A man gave a speech this Tuesday in Brussels, in front of a banner that identified him as president and next to a Catalan and a European flag: a staging typical of someone who does not speak for himself, but on behalf of others. The presumption was that he was doing so on behalf of the seven deputies of Junts per Catalunya or the coalition whose moral leadership he exercises, but it soon became clear that he was speaking on behalf of Catalonia and the Catalans. He used the majestic plural and, on occasions, his nosaltres referred to his party and its voters, but most of the time, nosaltres meant nosaltres, the Catalans, in an understanding that should not surprise anyone: his political tradition has been speaking of nosaltres in opposition to the Spanish from Prat de la Riba.
We are also accustomed to the rhetorical abuse of we in all speeches. We live in a time when many people feel like crowds, but, in democracy, the us, the you and the them can and should be objectively delimited, ruining the rhetoric. With the calculator in hand, the invocations of our ancestors’ wars sound ridiculous.
Carles Puigdemont, strictly speaking, does not represent anyone, since he has not been a candidate in these elections, but let’s grant that he does, as head of Junts. That party has obtained 392,634 votes, 11.16% of those cast in Catalonia. If the complete census of the four constituencies is taken into account, its numbers are reduced to 7.15% of Catalans with the right to vote. In the total census of Spain, they represent 1.6% of the votes cast and 1.1% of Spaniards of legal age.

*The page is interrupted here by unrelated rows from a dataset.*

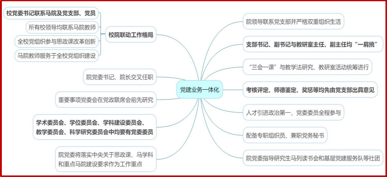 学院推进党建业务一体化发展机制。院党委委员分别入选学院学术、学位、学科建设、教学委员会,党支部书记、副书记兼任教研室主任、副主任,实现党建与教学永利集团同部署、同落实、同考核,切实把全面加强党的领导落到实处。
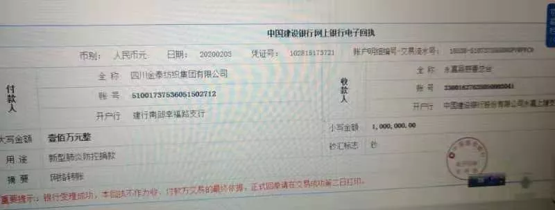 上午10時許,永嘉縣慈善總會收到了一筆特殊的網(wǎng)絡(luò)轉(zhuǎn)賬,記者在中國建設(shè)銀行網(wǎng)上銀行電子回折單上看到,付款人是四川金泰紡織集團有限公司,用途上寫著新型肺炎防控捐款,金額為一百萬元整。據(jù)永嘉縣慈善總會介紹,這筆捐款也是目前我縣收到的單筆最高捐款。
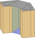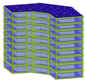 유리는 각 매스 외부 벽에 스트립 창으로 적용됩니다. 유리는 대상 유리 비율과 대상 씰 높이 값을 모두 사용하여 계산됩니다. 직사각형 모양은 양식 면 안에 맞아야 하고 지정한 비율이 수용되지 못할 수도 있으므로 유리 비율은 대상 값입니다.

Puigdemont has the right to talk about historical commitments, ancestral grievances, the destiny of the old Catalan nation and the absolutist decrees of more than three centuries ago. He can feel that through his mouth the reapers of the hymn and the moaning chords of Pau Casals speak. He can even hurt his own neck from the weight of all the castells. But the sad truth, leaving aside his fugitive situation, is that his number is 392,634 Catalans. If with them he intends to impose his will on some 12 million voters (PSOE, Sumar and assimilated), perhaps he will succeed, but that imbalance is not called a historic agreement and could hardly be called democracy. In my neighborhood, 1% pimping out 45% is called blackmail. And a blackmailer can disguise himself as a statesman and believe himself to be the liberator of a people, but the numbers will prove his blackmail.